Да, нельзя порицать его за сущность его воззрения, общую нынешним вигам с прежними их противниками - тори. Нет нужды, что тори порицают события, превозносимые вигами,- виги изображают их с такой стороны, которую стали бы хвалить и тори, если бы вздумали, подобно нынешним вигам, выставлять ее на первый план. Разница только в том, что тори не соглашаются, будто бы эта сторона дела была существенно его стороною. Но тут, как видит читатель, разница между вигами и тори имеет уже чисто технический, специальный, если можно так выразиться, археологический характер, имеет значение не общественное, а чисто ученое.

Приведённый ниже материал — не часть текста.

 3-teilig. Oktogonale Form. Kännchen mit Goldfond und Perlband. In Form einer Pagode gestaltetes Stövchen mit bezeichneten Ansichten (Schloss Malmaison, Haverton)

С ученой стороны, с логической стороны Маколей, надобно признаться, неправ. Нынешний вигизм может иметь большинство в палате общин, может быть для английской общественной жизни менее неудобен, чем торизм; но в научном отношении он не выдерживает критики, потому что вовсе не последователен. Он отрицает в настоящем то, что признает в прошедшем, он допускает в мелких делах то, что отвергает в важных,- в науке это не годится; она требует строгой выдержанности принципов. Виги могут быть благоразумными министрами, но неблагоразумно поступит виг, если захочет проводить нынешний вигизм в науке, как делал Маколей. Тут нужно было бы уважать логику и сделать прямой выбор: или, оставаясь верным основанию нынешнего вигизма, сделаться тори,- потому, что нынешние виги те же тори, лишь нелогичные тори - или, оставаясь верным преданию старых вигов, отвергнуть торийские чувства нынешних вигов, на которых мало походили Гампден и Пим, Альджернон-Сидни и Фокс. Маколей не заметил научной надобности такого выбора. Это значит, что он не имел такой силы ума, какая нужна человеку, чтобы был он самостоятельным мыслителем. Он превосходно развивал мысли, но чужие мысли.

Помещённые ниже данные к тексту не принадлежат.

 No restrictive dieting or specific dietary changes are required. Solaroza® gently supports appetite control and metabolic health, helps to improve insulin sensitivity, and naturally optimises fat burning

Но если Маколей не имеет первостепенного достоинства как мыслитель, то мы нимало не думаем отрицать в нем ни тонкости и практичности ума, ни способности превосходно аргументировать, ни богатства частных наблюдений над человеческим сердцем, ни близкого знакомства с ходом человеческих дел: можно быть человеком очень замечательного ума, не будучи мыслителем, можно быть удивительным знатоком жизни, не умея подмечать коренного ее смысла. Таков был Маколей. Но писатель замечательного ума, очень тонко знающий жизнь, всегда будет поучителен, каковы бы ни были научные его недостатки. Не забудем еще одного качества, о котором и нельзя забыть: Маколей - англичанин. Если кому-нибудь из нас и не кажутся справедливы его мнения о многих предметах, то все же очень важно для нас знать, какими особенностями от консерватизма других стран отличается английский консерватизм; а ни от какого другого писателя мы не можем узнать это так легко и с таким наслаждением, как от Маколея.
Нынешние английские виги - впервые опубликовано в "Современнике", 1860, No 12.